Его спросили, считает ли он по-прежнему, что умеет «видеть».
— Нет, — сказал он. — То было безумие. Это слово ничего не значит, меньше чем ничего.
Его спросили, что у нас над головой.
— На высоте десятью десяти человеческих ростов над миром простирается крыша… каменная крыша, гладкая-прегладкая…
Он опять истерически разрыдался.
— Не спрашивайте больше ни о чем, дайте мне сперва поесть, или я умру.
Он ожидал жестокого наказания, но слепые умели проявить терпимость. Они усмотрели в его мятеже лишь новое доказательство того, что он слабоумный и стоит на низшей ступени развития. Его просто выпороли и велели ему исполнять самую тяжелую черную работу, какая только нашлась, и он, не видя, как иначе заработать свой хлеб, покорно делал, что ему приказывали.
Несколько дней он был болен, и они заботливо ухаживали за ним. Это облегчило ему тяжесть подчинения. Но его заставляли лежать в темноте, что было для него большим лишением. Слепые философы приходили к нему, толковали о низком уровне его развития и так вразумительно укоряли за его сомнения в каменной крышке, закрывающей коробку их вселенной, что он сам едва не стал считать себя жертвой наваждения, не видя над собою этой крышки.
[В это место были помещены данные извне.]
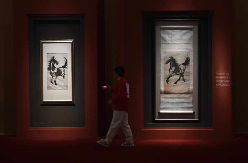 2月9日,嘉宾在中国美术馆参观展出的徐悲鸿作品《奔马》。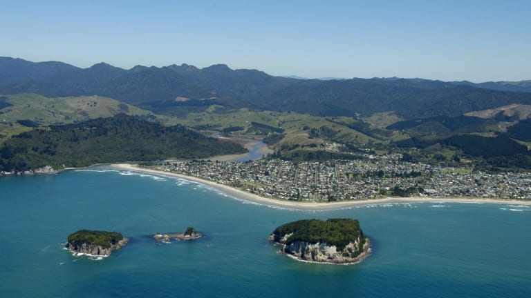 Suedlich 5 km von Whangamata, 8 minuten vom Strand aber mitten im Coromandel Regenwald. Nach dem 18 Loch Golf-Platz des Ortes, rechts in die Wentworth Valley Road, ueber eine River Furt und rechts zu sehen. Am Fusse des Wanderwegs zu den Wasserfaellen.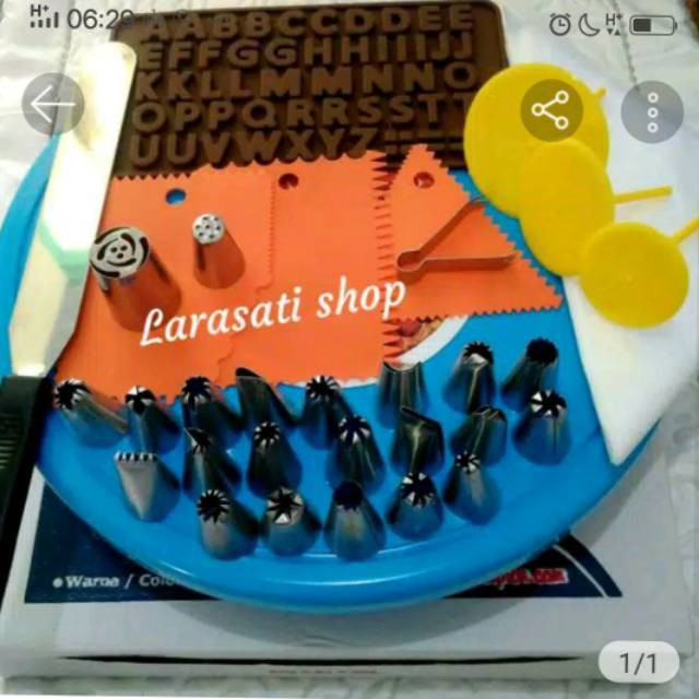 Isi paket : cake tray meja putar maspion spuit wilton lokal 1 set isi 19 pcs spuit rumput spuit rusia paku mawar 1 set scraper 1 set spatula butter cream capitan plastik segitiga cetakan silicon alphabeth Happ

Так Нуньес сделался гражданином Страны Слепых. Жители ее уже не сливались для него в однородную массу, а приобрели в его глазах свои индивидуальные особенности, между тем как мир за горами становился все более далеким, нереальным. Здесь, в новой жизни, был его хозяин Якоб — добродушный человек, если его не раздражать. Был племянник Якоба — Педро; и была Медина-Саротэ, младшая дочь Якоба. Ее не слишком ценили в мире слепых, потому что у нее были точеные черты лица, и ей недоставало той приятной шелковистой гладкости, которая составляет для слепого идеал женской красоты. Но Нуньес с самого начала находил ее красивой, а теперь считал красивейшим созданием на земле. Ее сомкнутые веки не были вдавлены и красны, как у остальных в долине, — казалось, они могут в любое мгновение вновь подняться; и у нее были длинные ресницы, что считалось здесь уродливым. Голос ее, густой и звучный, не удовлетворял взыскательному слуху жителей долины. Вот почему у нее не было жениха.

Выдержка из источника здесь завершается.